From the records that follow, return exactly the lines beginning at the one that contains "토론회 참가자들. |" and ending at the one that contains "Papel De Parede", pictures left out.

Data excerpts
○ ○ ○

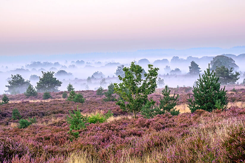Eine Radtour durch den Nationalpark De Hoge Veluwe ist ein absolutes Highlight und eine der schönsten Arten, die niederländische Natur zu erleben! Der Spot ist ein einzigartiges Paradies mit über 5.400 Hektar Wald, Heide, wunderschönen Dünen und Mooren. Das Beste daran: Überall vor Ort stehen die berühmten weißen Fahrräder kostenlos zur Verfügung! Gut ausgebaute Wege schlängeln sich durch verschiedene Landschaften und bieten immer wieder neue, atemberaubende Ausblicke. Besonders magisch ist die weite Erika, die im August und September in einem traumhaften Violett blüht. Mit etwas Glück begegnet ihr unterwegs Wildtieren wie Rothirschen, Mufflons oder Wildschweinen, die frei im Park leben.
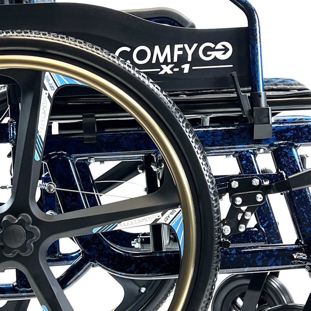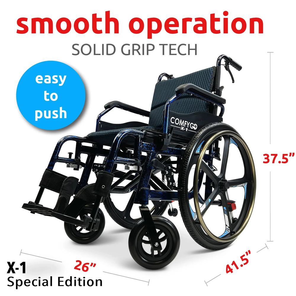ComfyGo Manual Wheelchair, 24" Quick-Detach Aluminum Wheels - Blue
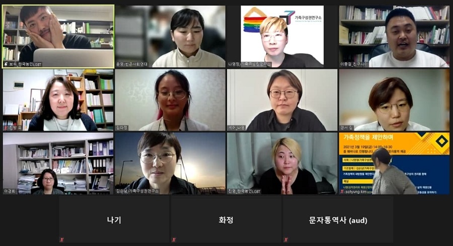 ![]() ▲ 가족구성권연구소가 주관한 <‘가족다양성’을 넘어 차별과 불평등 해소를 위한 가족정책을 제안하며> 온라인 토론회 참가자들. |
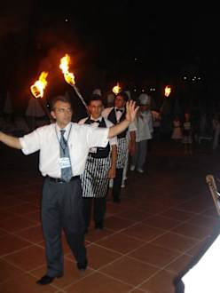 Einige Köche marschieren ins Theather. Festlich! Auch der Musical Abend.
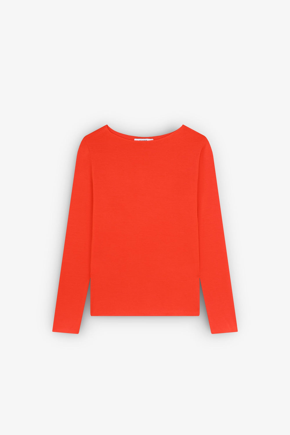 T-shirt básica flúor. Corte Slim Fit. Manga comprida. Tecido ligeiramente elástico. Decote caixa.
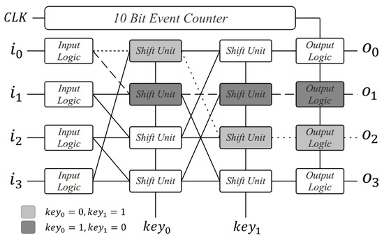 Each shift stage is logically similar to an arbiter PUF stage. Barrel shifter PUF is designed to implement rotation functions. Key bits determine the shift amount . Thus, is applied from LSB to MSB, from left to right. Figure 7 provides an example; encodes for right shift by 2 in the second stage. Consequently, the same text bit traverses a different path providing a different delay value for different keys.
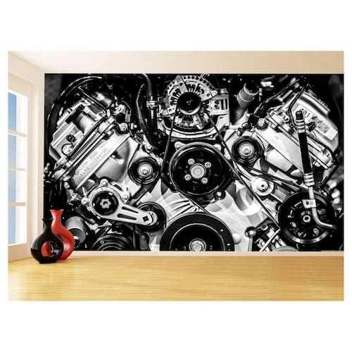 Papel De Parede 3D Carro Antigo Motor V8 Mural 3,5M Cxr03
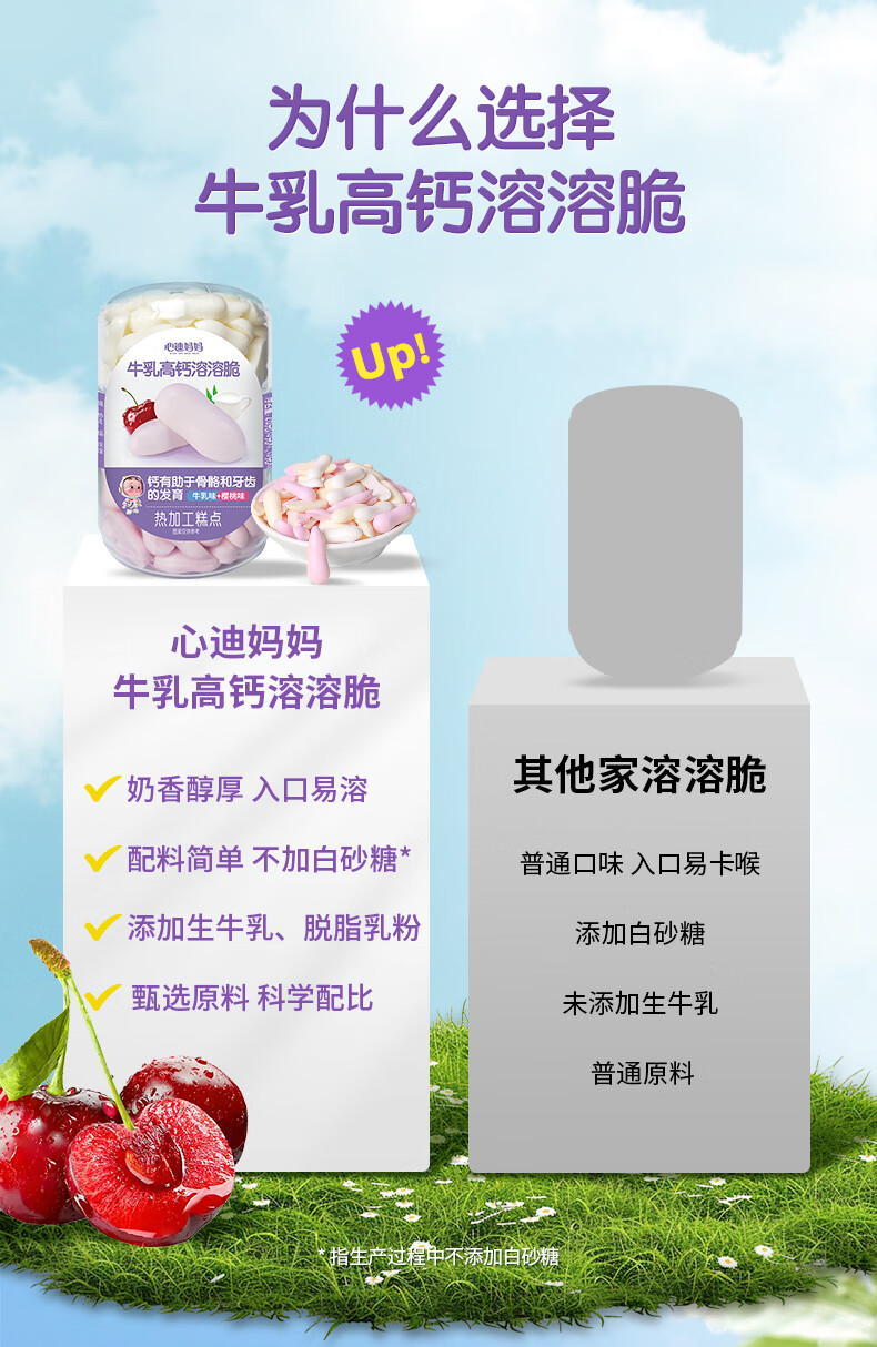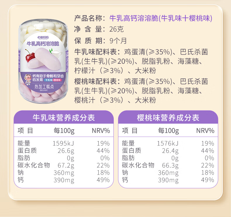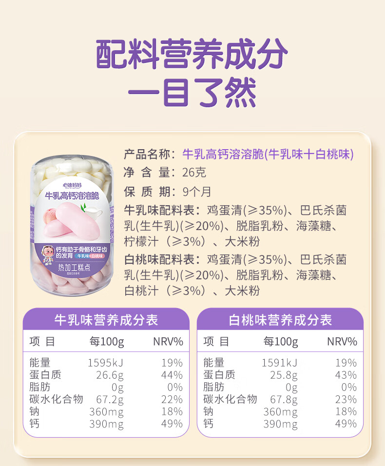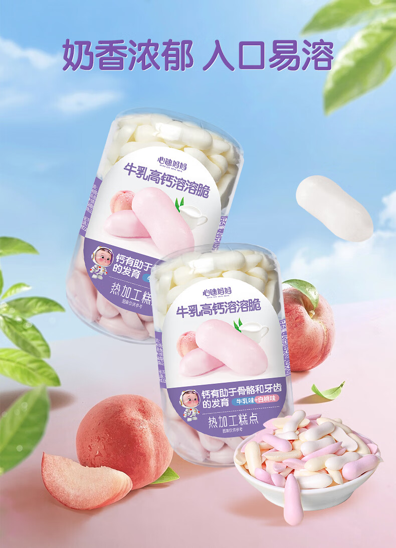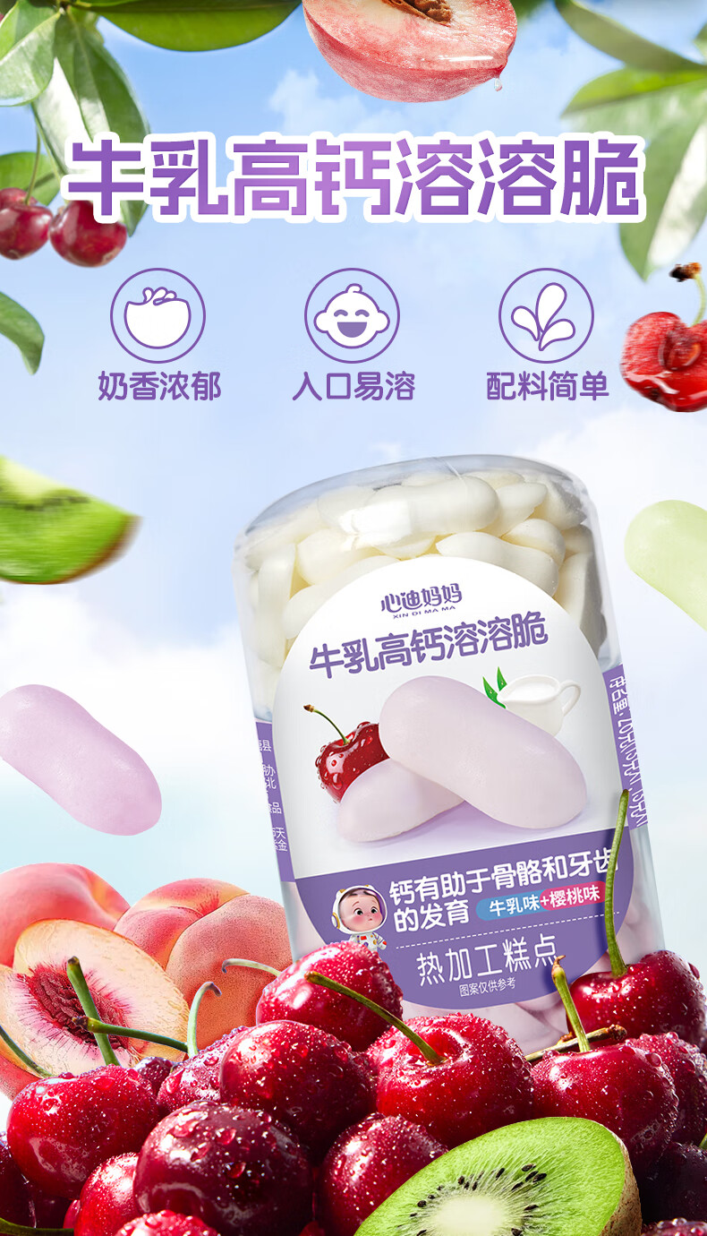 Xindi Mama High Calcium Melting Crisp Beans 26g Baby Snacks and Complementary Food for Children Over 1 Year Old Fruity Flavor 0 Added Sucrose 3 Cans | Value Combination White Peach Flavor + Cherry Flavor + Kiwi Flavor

○ ○ ○

EXERCISE ANSWER |
 ![]() ▲ 가족구성권연구소가 주관한 <‘가족다양성’을 넘어 차별과 불평등 해소를 위한 가족정책을 제안하며> 온라인 토론회 참가자들. |
 Einige Köche marschieren ins Theather. Festlich! Auch der Musical Abend.
 T-shirt básica flúor. Corte Slim Fit. Manga comprida. Tecido ligeiramente elástico. Decote caixa.
 Each shift stage is logically similar to an arbiter PUF stage. Barrel shifter PUF is designed to implement rotation functions. Key bits determine the shift amount . Thus, is applied from LSB to MSB, from left to right. Figure 7 provides an example; encodes for right shift by 2 in the second stage. Consequently, the same text bit traverses a different path providing a different delay value for different keys.
 Papel De Parede 3D Carro Antigo Motor V8 Mural 3,5M Cxr03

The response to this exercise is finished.